Mass Torts -CAFA

By on December 29, 2015 - Comments off


Briggs v. Merck Sharp & Dohme (United States Court of Appeals, Ninth Circuit, August 6, 2015)  — F.3d —-, 2015 WL 4645605

Five groups of plaintiffs filed personal injury and wrongful death actions in California state court, asserting various tort claims against manufacturers and a distributor of diabetes drugs. Each of the five cases has fewer than one hundred plaintiffs. However, defendant Merck removed the actions to federal court, asserting jurisdiction based upon the Class Action Fairness Act (“CAFA”), which authorizes the removal to federal court of “mass actions,” civil actions in which “monetary relief claims of 100 or more persons are proposed to be tried jointly on the ground that the plaintiffs’ claims involve common questions of law or fact.” 28 U.S.C. § 1332(d)(11)(B)(i).

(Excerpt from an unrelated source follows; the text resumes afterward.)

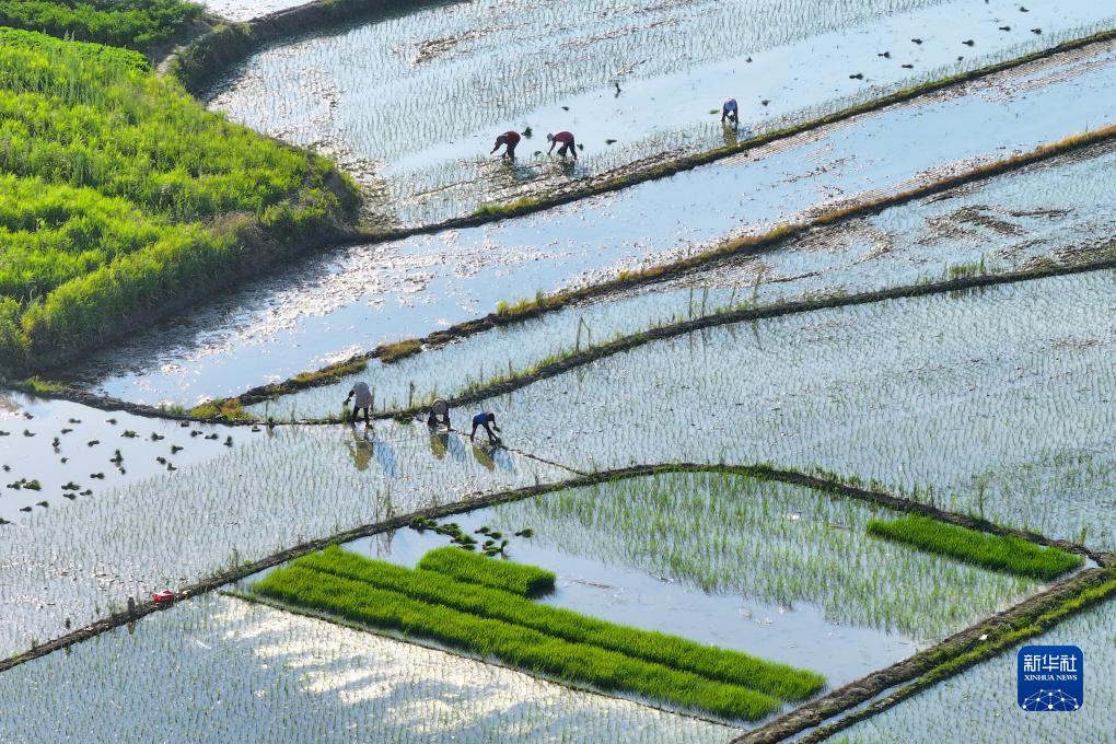 7月11日,在衡陽市衡東縣吳集鎮楊梓坪村,村民在插晚稻(無人機照片)。

The defendant contended that because there was already a coordinated state proceeding pending in Los Angeles County involving a second set of cases involving similar drugs, and in an earlier motion to remand the plaintiffs had indicated that “[R]emand will result in these cases joining the Judicial Council Coordinated Proceeding (JCCP), In re Byetta Cases, JCCP No. 4573, in Los Angeles, where coordination with this Court’s MDL is underway,” plaintiffs’ counsel’s expressed intent that the cases be transferred to the JCCP constituted a proposal to try the claims of those plaintiffs jointly.

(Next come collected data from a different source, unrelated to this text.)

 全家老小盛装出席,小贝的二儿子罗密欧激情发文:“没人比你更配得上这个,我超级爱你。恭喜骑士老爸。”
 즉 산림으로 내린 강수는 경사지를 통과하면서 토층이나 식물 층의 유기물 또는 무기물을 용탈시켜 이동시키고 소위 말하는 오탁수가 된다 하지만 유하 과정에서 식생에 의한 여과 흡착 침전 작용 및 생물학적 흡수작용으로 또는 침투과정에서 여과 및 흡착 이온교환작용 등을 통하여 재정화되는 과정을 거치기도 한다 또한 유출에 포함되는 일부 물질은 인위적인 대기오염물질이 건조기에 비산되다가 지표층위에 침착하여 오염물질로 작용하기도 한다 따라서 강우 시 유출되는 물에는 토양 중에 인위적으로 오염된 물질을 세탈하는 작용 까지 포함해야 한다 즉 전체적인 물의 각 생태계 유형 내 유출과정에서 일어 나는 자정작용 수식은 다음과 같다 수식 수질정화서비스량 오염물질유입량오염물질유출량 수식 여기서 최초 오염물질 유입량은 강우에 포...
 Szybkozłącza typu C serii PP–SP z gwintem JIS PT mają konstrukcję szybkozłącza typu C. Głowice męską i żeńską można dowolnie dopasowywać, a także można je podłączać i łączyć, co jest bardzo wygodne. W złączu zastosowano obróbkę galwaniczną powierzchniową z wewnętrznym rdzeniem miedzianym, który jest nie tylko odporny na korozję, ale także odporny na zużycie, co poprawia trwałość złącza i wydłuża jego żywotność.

The district court denied the motion to remand, but the 9th Circuit Court of Appeals reversed, holding that in none of the five cases did the plaintiffs propose that the claims of one hundred or more persons be tried jointly within the meaning of CAFA: 

If we were to agree with the district court that plaintiffs proposed a joint trial merely by filing their actions in state court, we would transform plaintiffs from masters of their complaints into servants of defendants’ litigation strategy. In effect, we would permit defendants to lock later-filing plaintiffs out of state court systems by preemptively initiating coordinated judicial proceedings in earlier-filed state court suits. Neither the text nor the purpose of CAFA contemplates such a result. …

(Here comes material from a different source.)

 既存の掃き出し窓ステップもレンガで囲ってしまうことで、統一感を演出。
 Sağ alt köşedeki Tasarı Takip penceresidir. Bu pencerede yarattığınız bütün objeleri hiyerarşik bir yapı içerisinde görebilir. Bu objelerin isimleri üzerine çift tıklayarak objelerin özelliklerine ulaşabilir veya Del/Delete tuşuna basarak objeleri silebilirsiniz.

The actions of plaintiffs in these cases—filing separate suits in San Diego Superior Court when a similar, but not identical, set of cases was pending in a JCCP in Los Angeles Superior Court—are a far cry from what other circuits have held sufficient to trigger removal as a mass action under CAFA. See, e.g., Atwell v. Bos. Sci. Corp., 740 F.3d 1160, 1161, 1163 (8th Cir.2013) (explaining that CAFA jurisdiction lies where plaintiffs requested that their cases, which together included more than one hundred plaintiffs, be assigned “to a single Judge for purposes of discovery and trial”); Visendi, 733 F.3d at 868 (holding that CAFA jurisdiction lies where plaintiffs “filed a single state-court complaint that named well over 100 plaintiffs”); Bullard v. Burlington N. Santa Fe Ry. Co., 535 F.3d 759, 761–62 (7th Cir.2008) (recognizing that CAFA jurisdiction lies where plaintiffs filed a complaint on behalf of 144 plaintiffs); see also Scimone, 720 F.3d at 884 (“Every other court of appeals confronted with this question has come to the same conclusion: that plaintiffs have the ability to avoid § 1332(d)(11)(B)(i) jurisdiction by filing separate complaints naming less than 100 plaintiffs and by not moving for or otherwise proposing joint trial in the state court.”).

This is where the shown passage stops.